Тем временем у дома собралась толпа прохожих, кто-то принёс лестницу, и Феликс, случайно проезжавший мимо, получил возможность совершить подвиг на глазах у избирателей. Он решительно взобрался по лестнице, затем встал на карниз, втолкнул обезумевшую девицу обратно в комнату и, спокойно открыв дверь изнутри, впустил туда Жудите, которая уже держала в руках пузырёк с успокоительными каплями для Женезии.
На следующий день все газеты поместили на первой полосе фотографию Феликса и Женезии. Город гудел, обсуждая это происшествие, и Августа, естественно, не осталась в стороне. Она велела Родолфу навестить Женезию и принести ей свои извинения, поскольку её чудовищная истерика началась ещё у них в доме.
— Ты должен был догнать её и проводить до самого дома, тогда бы ей не пришло в голову выбраться из окна, — резонерствовала Августа. – Скажи, что мы очень уважаем её и снова приглашаем на чаепитие. Ей сейчас необходимо твоё участие!
Родолфу нехотя поплёлся в дом Деодату и обнаружил, что он не единственный, кто счёл необходимым нанести визит Женезии. В гостиной уже сидел Эзекиел и расспрашивал Деодату о здоровье Женезии. Она была ещё слаба, но от вчерашней истерики не осталось и следа. Родолфу сказал, что хотел бы повидаться с ней, и Деодату пошёл выяснять, возможно ли это.
Пока он отсутствовал, между мужчинами завязался непринуждённый разговор, и они договорились встретиться за карточным столом в заведении Розы Палмейрау. Затем они получили возможность убедиться в полном выздоровлении Женезии, которая вышла к ним с воинственным видом и грозно спросила:
— Я хочу знать, откуда у вас появился такой интерес ко мне? Ну же, говорите по очереди!
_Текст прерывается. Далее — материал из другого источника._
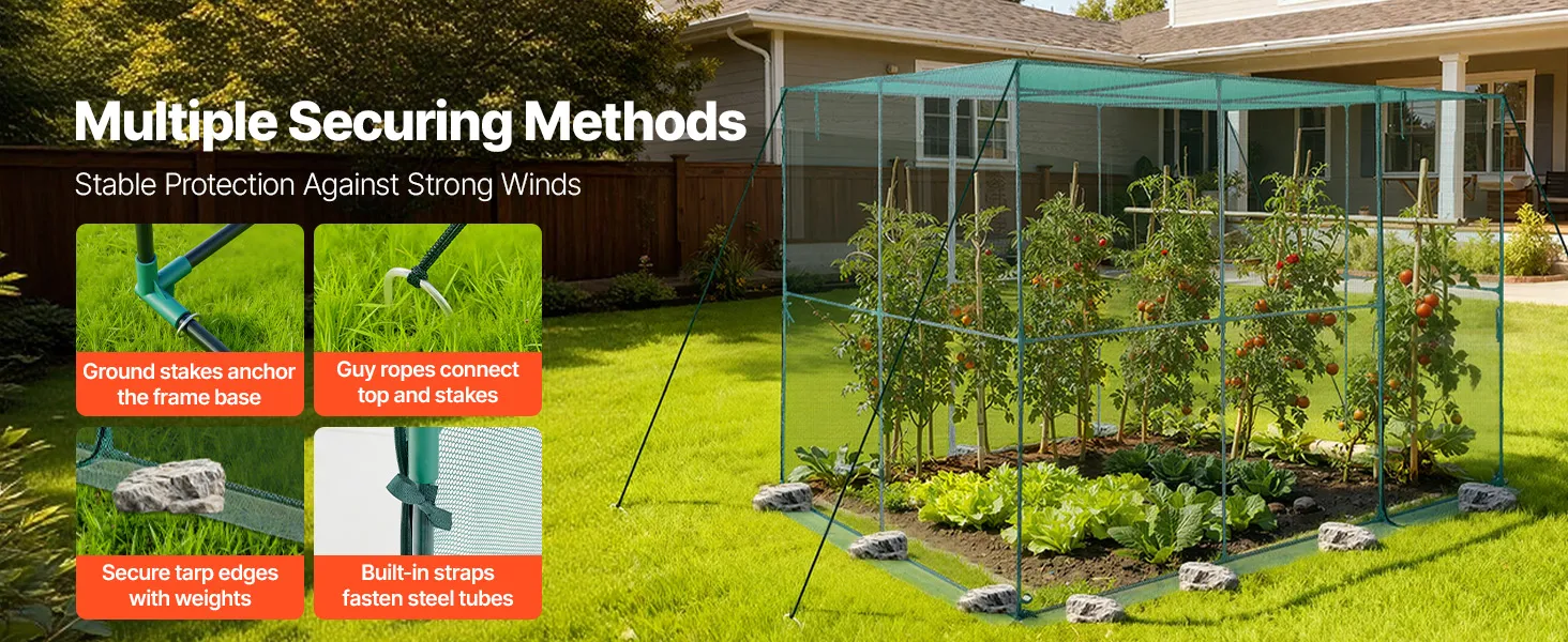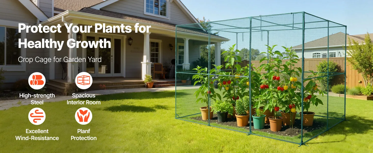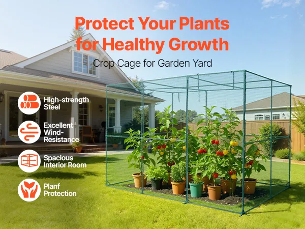 Our crop cages for garden features high-strength steel tubes and durable polyester mesh for a stable structure. It not only keeps animals away from the plants but also enhances wind resistance. With ample interior space, it ensures a flexible growing condition for plants.
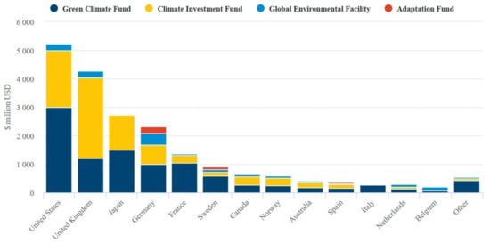 Figure 2 shows that the United States is currently the leading donor across all four funds, followed by the United Kingdom, Japan, Germany, and France, respectively, 2015 to 2018. The four funds are the Global Environment Facility (GEF), which was formed on the eve of the 1992 Rio Earth summit and comprises a partnership of 18 agencies (e.g., NGOs, MDBs (Multilateral development banks), and UN bodies) and 183 countries; the Adaptation Fund, established in 2001 under the Kyoto Protocol with the explicit mandate of finance adaptation and resilience activities in developing countries vulnerable to climate change; the Climate Investment Fund, established in 2008 and a major distributor of funds over the past four years; and the Green Climate Fund, established at COP17 in 2011, with a mandate to specifically leverage climate finance towards the US$100 billion pledge, is the key financing vehicle of the UNFCCC [46,47,48].

Первым взял слово Эзекиел. Он говорил о том, что не спал всю ночь, беспокоился о её здоровье, поскольку она упала в обморок прямо у него на глазах. У Женезии на сей счёт было другое мнение: она обозвала Эзекиела развратником, который пытался воспользоваться её слабостью.
Родолфу тоже не нашёл у неё понимания. Она обвинила его в том, что во время обеда он нарочно пытался выставить её полной дуррой, задавая свои каверзные вопросы.
Никаких оправданий она не захотела слушать и попросту прогнала обоих визитёров:
— Вы зря потеряли время. Моё самочувствие нисколько не зависит от вас. У меня всё в порядке. А теперь — уходите оба! Сейчас же! И больше не возвращайтесь, иначе тогда мне точно будет плохо!
Позже Деодату попытался внушить дочери, что она не должна так вести себя с мужчинами.
— Эти двое хотят за тобой поухаживать, — пояснял он. — Давай будем трезво оценивать реальность. Ты находишься в таком возрасте, когда потенциальными женихами не разбрасываются.
— Папа, перестань! – рассердилась Женезия. — Это всё искушение сатаны! Я не из тех женщин, которые вешается на шею мужчинам. Ты перепутал меня с Сокорру!
— Ты несправедлива к сестре, — возразил Деодату. – Сокорру любит Алфеу и не вешается на шею прочим мужчинам. Они ей просто не нужны, потому что, у неё есть муж!
Говоря это, Деодату не мог знать, насколько он ошибался в отношении своей замужней дочери. Сокорру всегда было необходимо внимание других мужчин, и она с лёгкостью изменяла мужу при каждом удобном случае. А после вчерашнего вечера, когда ей довелось побывать в заведении Розы Палмейрау, она и вовсе потеряла покой.
— Какая там красота! Какие зеркала, какие люстры!… – восхищённо говорила она Алфеу. – Я непременно должна побывать там снова!
Алфеу не придал особого значения её восторгам и всего лишь пояснил, что это заведение – для мужчин, а девушки, которых она там видела, — обыкновенные шлюхи, только принаряженные.
Сокорру это ничуть не смутило, и в тот же день она тайком проникла в центр ночных развлечений. Люстры, правда, в это время не горели, их зажигали только к вечеру, но зато Сокорру повезло в другом: она, никем не замеченная, пробралась на второй этаж, где, собственно, и располагался бордель.
Войдя в одну из комнат, Сокорру поняла, что она оказалась в самом притягательном для неё месте. Именно здесь и происходит то, ради чего каждый вечер сюда устремляется множество мужчин! Сокорру не могла поверить своему счастью. Она с трепетом стала ощупывать каждую вещицу, находившуюся в этой комнате, а затем улеглась на широкую изящную кровать и сбросила с себя платье, чтобы всем телом ощутить прикосновение шёлковых простыней и мягких бархатистых подушек, источавших едва уловимый приятный аромат.